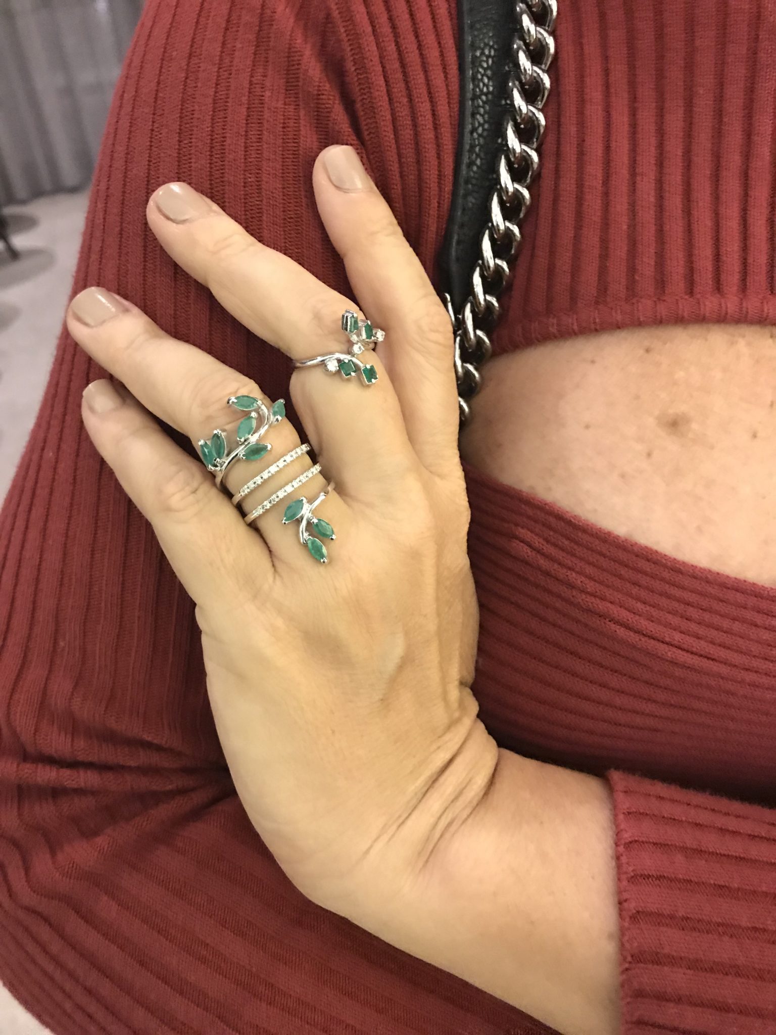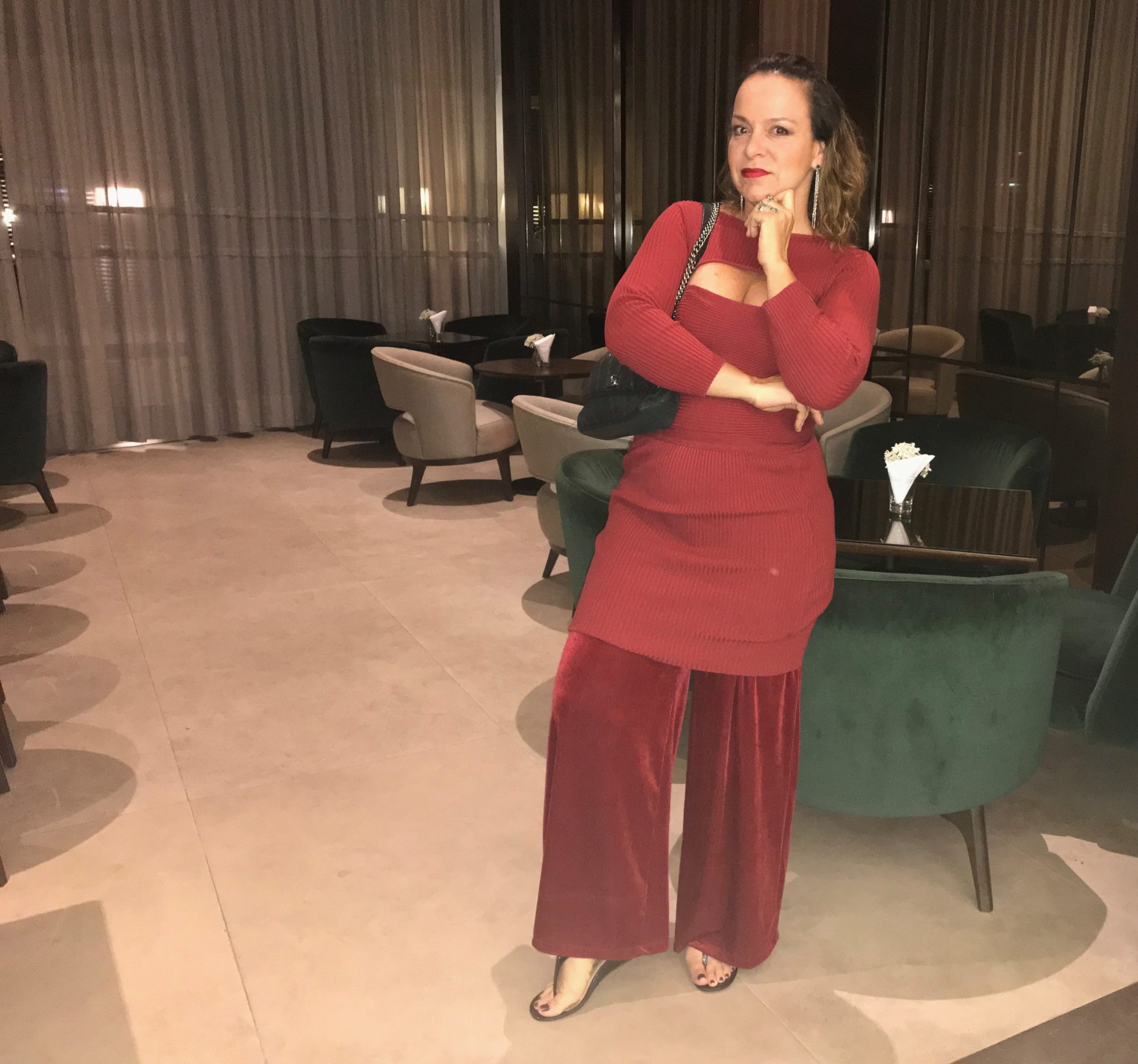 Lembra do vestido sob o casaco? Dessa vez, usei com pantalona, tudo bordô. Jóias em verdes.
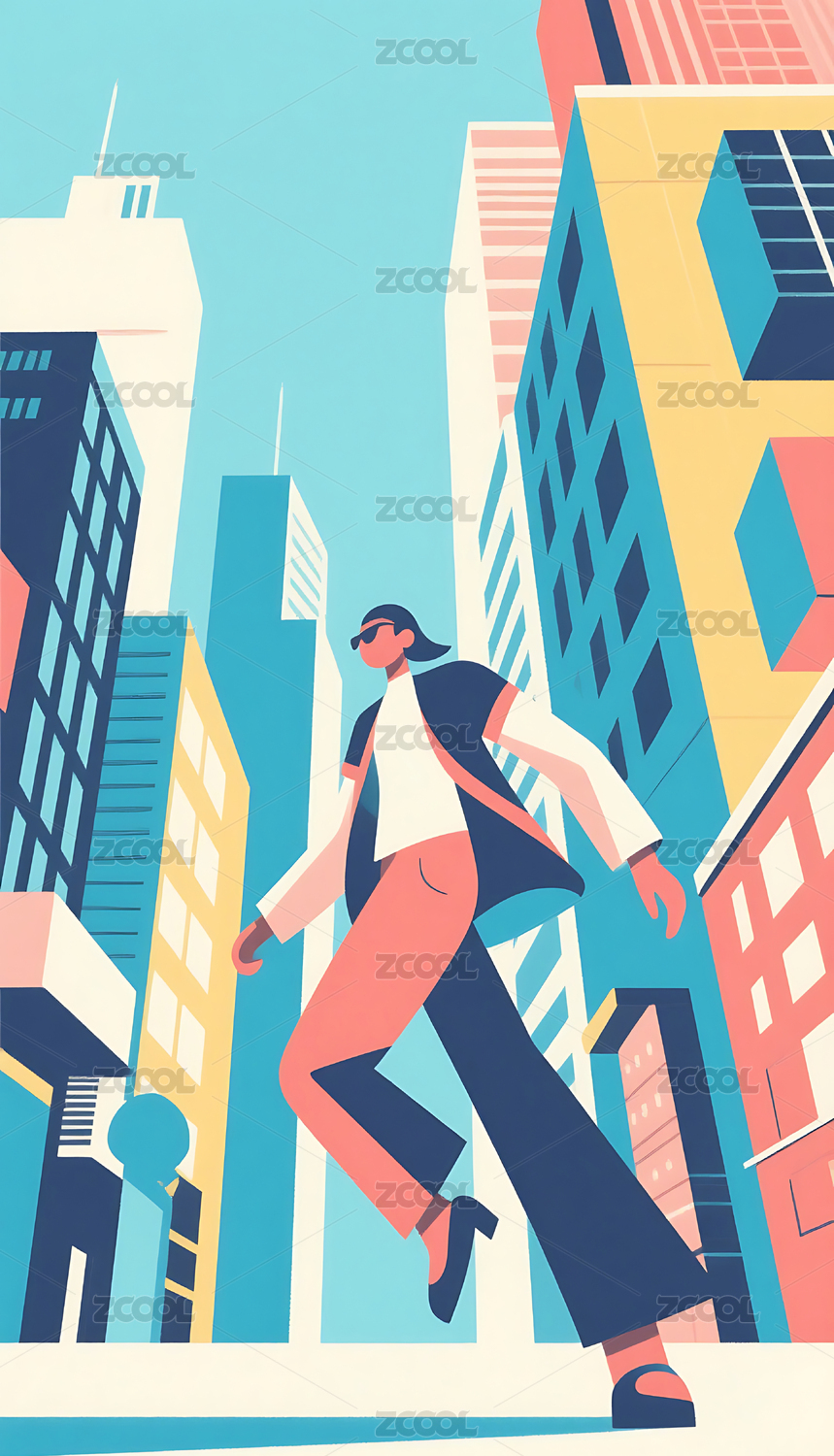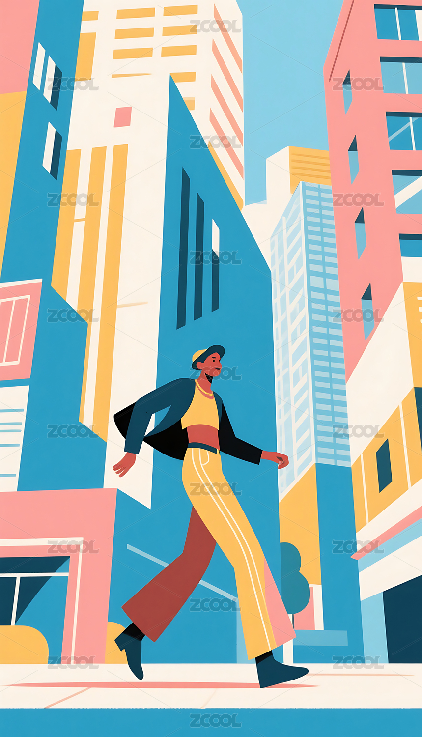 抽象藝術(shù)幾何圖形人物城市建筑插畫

==

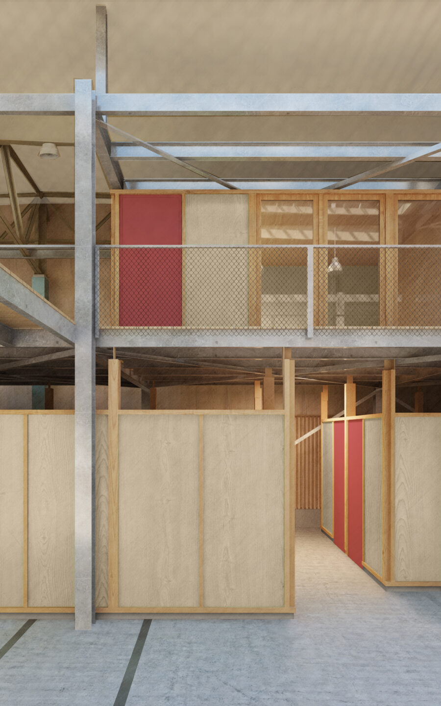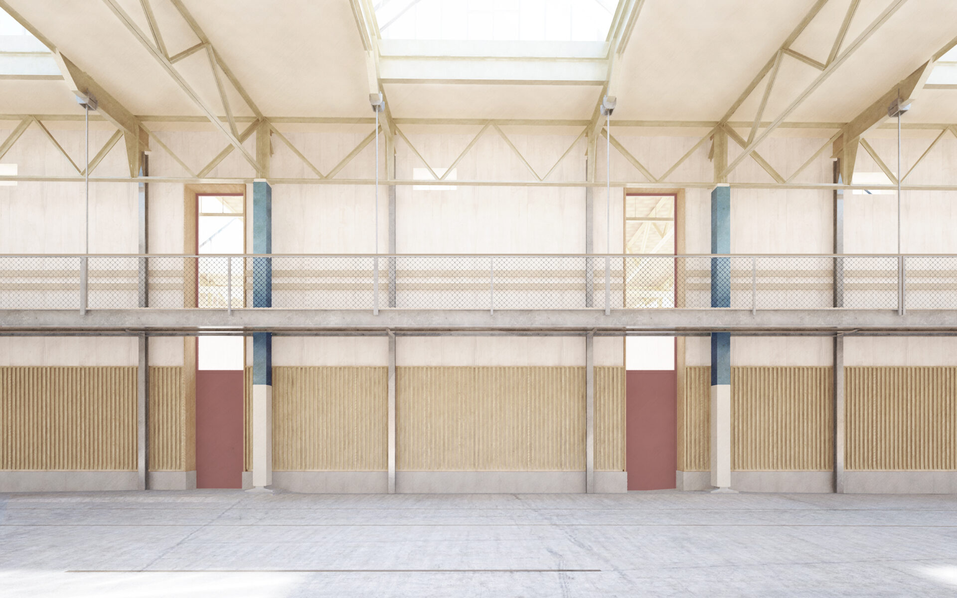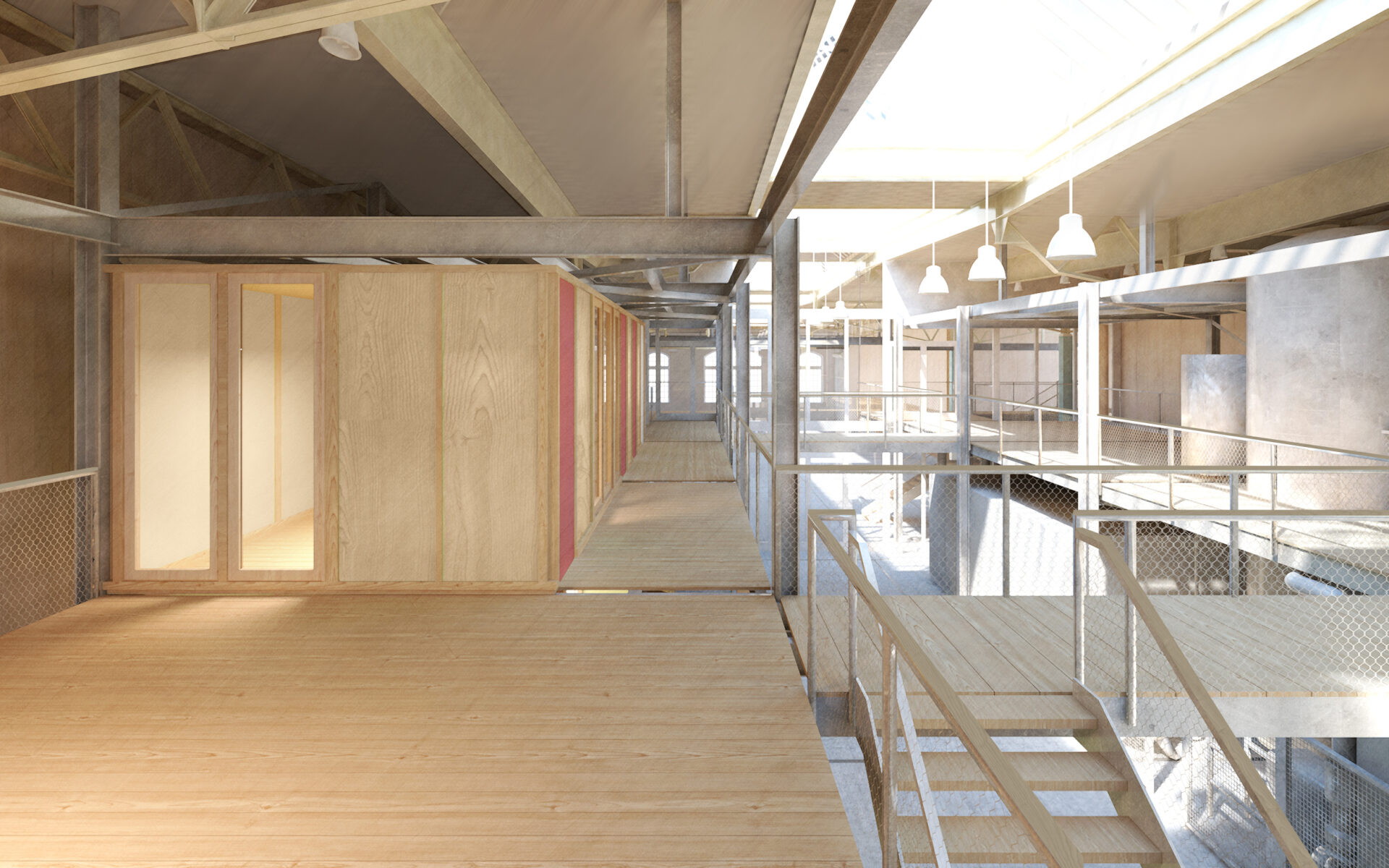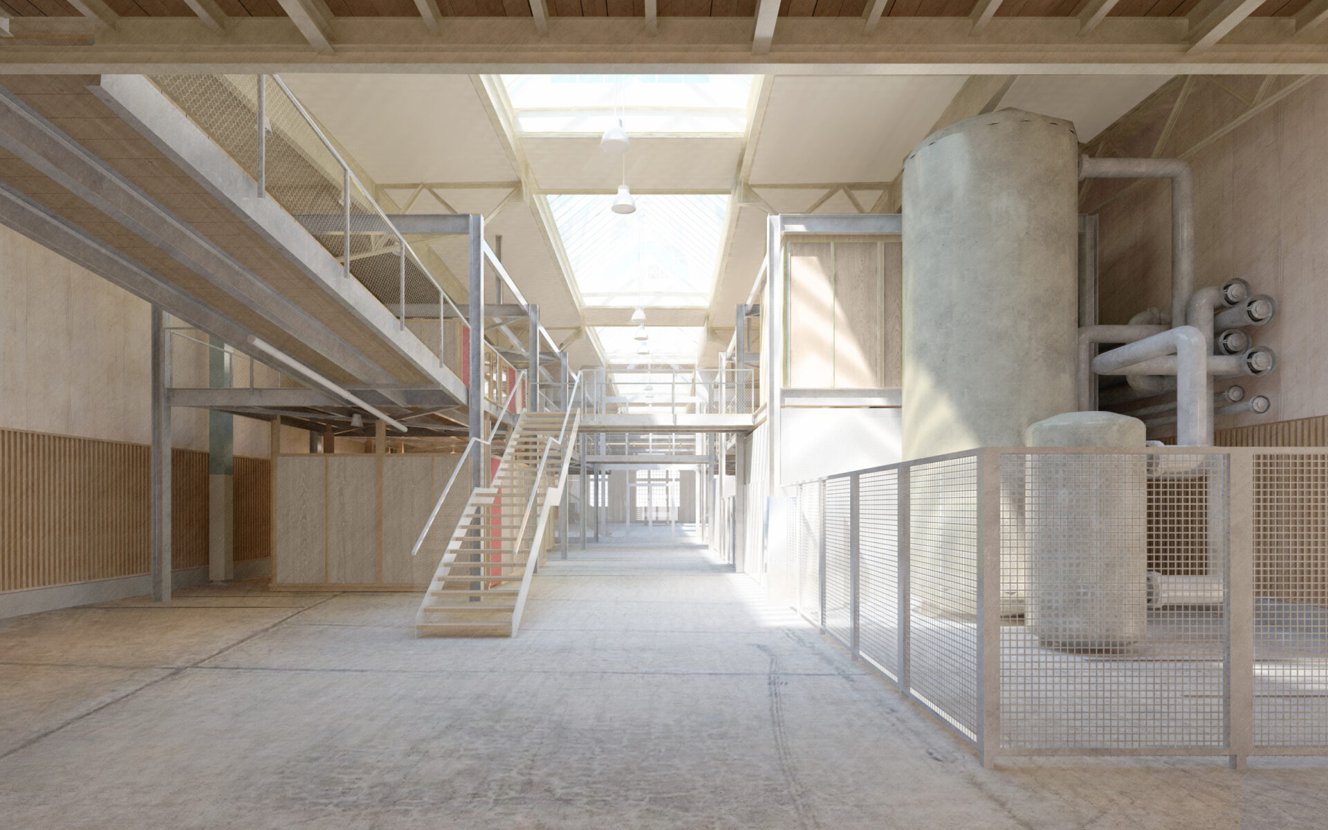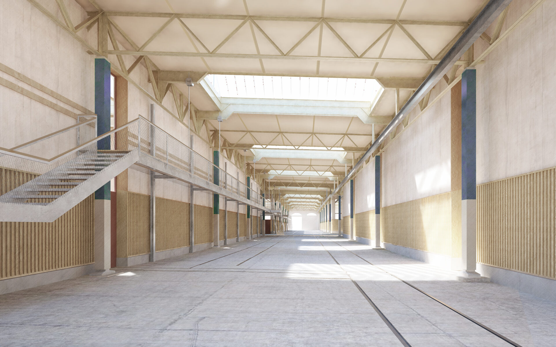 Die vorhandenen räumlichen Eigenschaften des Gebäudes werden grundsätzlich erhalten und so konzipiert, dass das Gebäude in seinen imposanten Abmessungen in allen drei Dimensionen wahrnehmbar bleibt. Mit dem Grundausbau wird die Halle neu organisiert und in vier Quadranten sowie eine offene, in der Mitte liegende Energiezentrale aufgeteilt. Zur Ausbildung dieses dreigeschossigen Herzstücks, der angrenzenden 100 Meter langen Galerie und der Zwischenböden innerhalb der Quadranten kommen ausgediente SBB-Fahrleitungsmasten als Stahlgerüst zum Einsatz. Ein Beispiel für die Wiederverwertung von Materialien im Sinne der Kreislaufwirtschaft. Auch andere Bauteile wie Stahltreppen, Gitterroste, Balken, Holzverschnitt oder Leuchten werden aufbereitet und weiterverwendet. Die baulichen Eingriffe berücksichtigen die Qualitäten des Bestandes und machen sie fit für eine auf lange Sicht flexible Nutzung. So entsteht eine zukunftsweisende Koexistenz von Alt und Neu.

- [TASK DESCRIPTION]:
Look above for the line with "Lembra do vestido"; quote it and every line after it, stopping after the line with "抽象藝術(shù)幾何圖形人物城市建筑插畫", exactly, with nothing added and without pictures.

- [ANSWER TO THIS TASK]:
 Lembra do vestido sob o casaco? Dessa vez, usei com pantalona, tudo bordô. Jóias em verdes.
 抽象藝術(shù)幾何圖形人物城市建筑插畫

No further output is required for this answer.